* _EXERCISE_:
Set down the entries again word for word, without any of the images.
.....
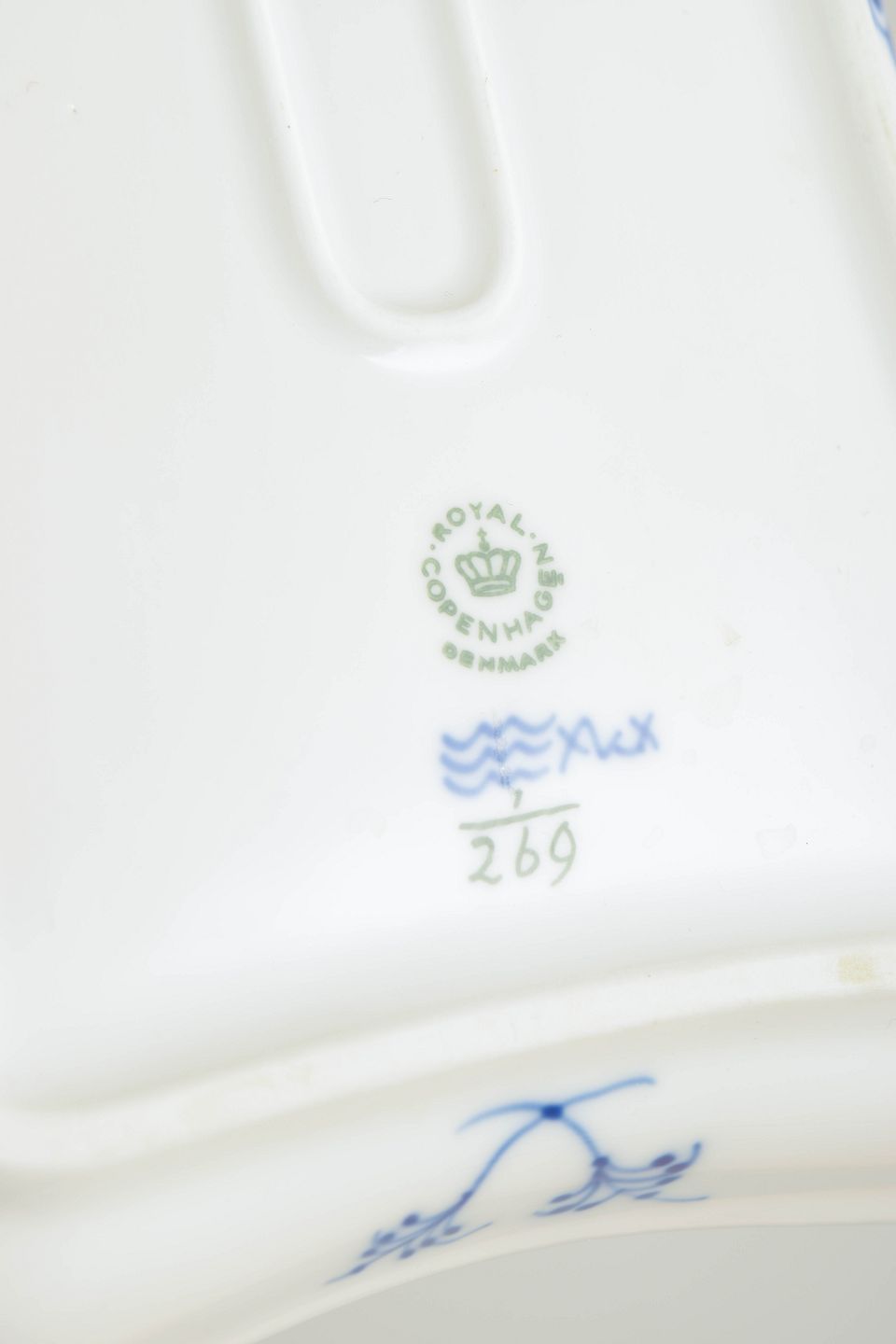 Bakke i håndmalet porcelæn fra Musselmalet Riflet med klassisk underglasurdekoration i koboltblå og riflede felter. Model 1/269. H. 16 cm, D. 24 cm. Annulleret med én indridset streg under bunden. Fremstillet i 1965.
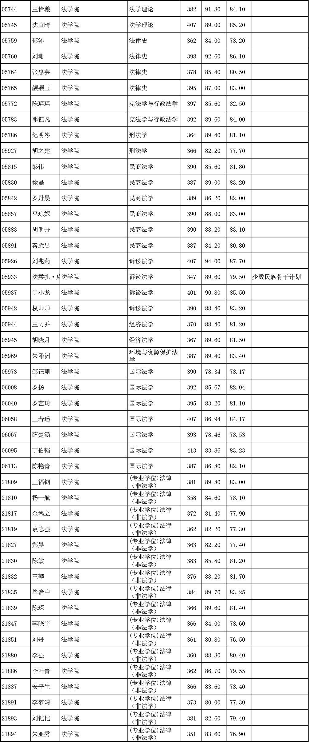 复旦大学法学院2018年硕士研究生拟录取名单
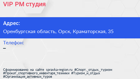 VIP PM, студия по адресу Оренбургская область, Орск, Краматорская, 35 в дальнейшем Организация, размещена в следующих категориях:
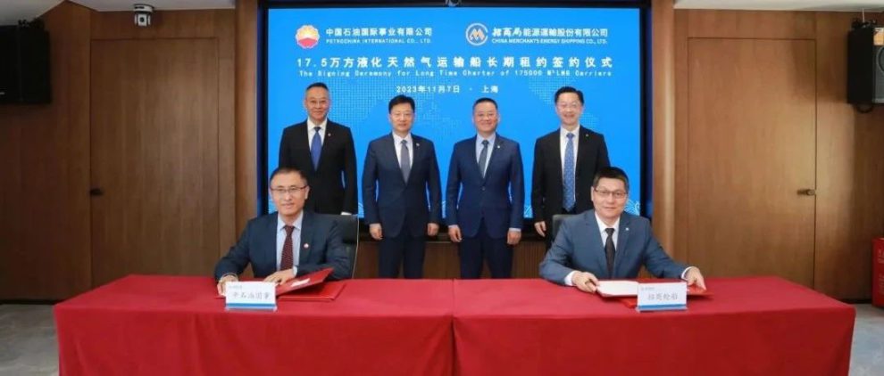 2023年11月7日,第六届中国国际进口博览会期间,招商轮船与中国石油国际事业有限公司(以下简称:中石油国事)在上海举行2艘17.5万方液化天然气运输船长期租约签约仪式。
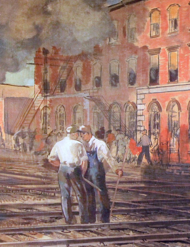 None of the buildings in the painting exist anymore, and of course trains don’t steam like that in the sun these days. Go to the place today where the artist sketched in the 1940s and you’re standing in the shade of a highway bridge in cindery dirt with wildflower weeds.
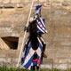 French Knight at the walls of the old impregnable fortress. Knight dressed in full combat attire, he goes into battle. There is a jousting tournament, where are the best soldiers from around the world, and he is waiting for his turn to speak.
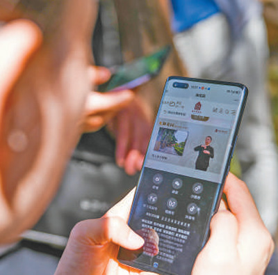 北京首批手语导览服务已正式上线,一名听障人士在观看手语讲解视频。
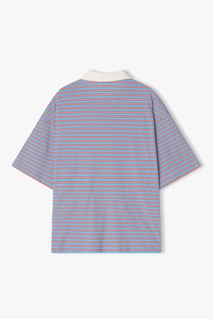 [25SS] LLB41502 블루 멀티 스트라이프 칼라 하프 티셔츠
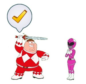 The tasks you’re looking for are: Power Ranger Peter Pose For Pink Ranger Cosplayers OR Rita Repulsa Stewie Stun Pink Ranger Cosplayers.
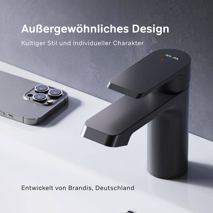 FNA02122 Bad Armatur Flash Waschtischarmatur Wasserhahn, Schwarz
.....
* _ANSWER SPACE_:
 Bakke i håndmalet porcelæn fra Musselmalet Riflet med klassisk underglasurdekoration i koboltblå og riflede felter. Model 1/269. H. 16 cm, D. 24 cm. Annulleret med én indridset streg under bunden. Fremstillet i 1965.
 复旦大学法学院2018年硕士研究生拟录取名单
 VIP PM, студия по адресу Оренбургская область, Орск, Краматорская, 35 в дальнейшем Организация, размещена в следующих категориях:
 2023年11月7日,第六届中国国际进口博览会期间,招商轮船与中国石油国际事业有限公司(以下简称:中石油国事)在上海举行2艘17.5万方液化天然气运输船长期租约签约仪式。
 None of the buildings in the painting exist anymore, and of course trains don’t steam like that in the sun these days. Go to the place today where the artist sketched in the 1940s and you’re standing in the shade of a highway bridge in cindery dirt with wildflower weeds.
 French Knight at the walls of the old impregnable fortress. Knight dressed in full combat attire, he goes into battle. There is a jousting tournament, where are the best soldiers from around the world, and he is waiting for his turn to speak.
 北京首批手语导览服务已正式上线,一名听障人士在观看手语讲解视频。
 [25SS] LLB41502 블루 멀티 스트라이프 칼라 하프 티셔츠
 The tasks you’re looking for are: Power Ranger Peter Pose For Pink Ranger Cosplayers OR Rita Repulsa Stewie Stun Pink Ranger Cosplayers.
 FNA02122 Bad Armatur Flash Waschtischarmatur Wasserhahn, Schwarz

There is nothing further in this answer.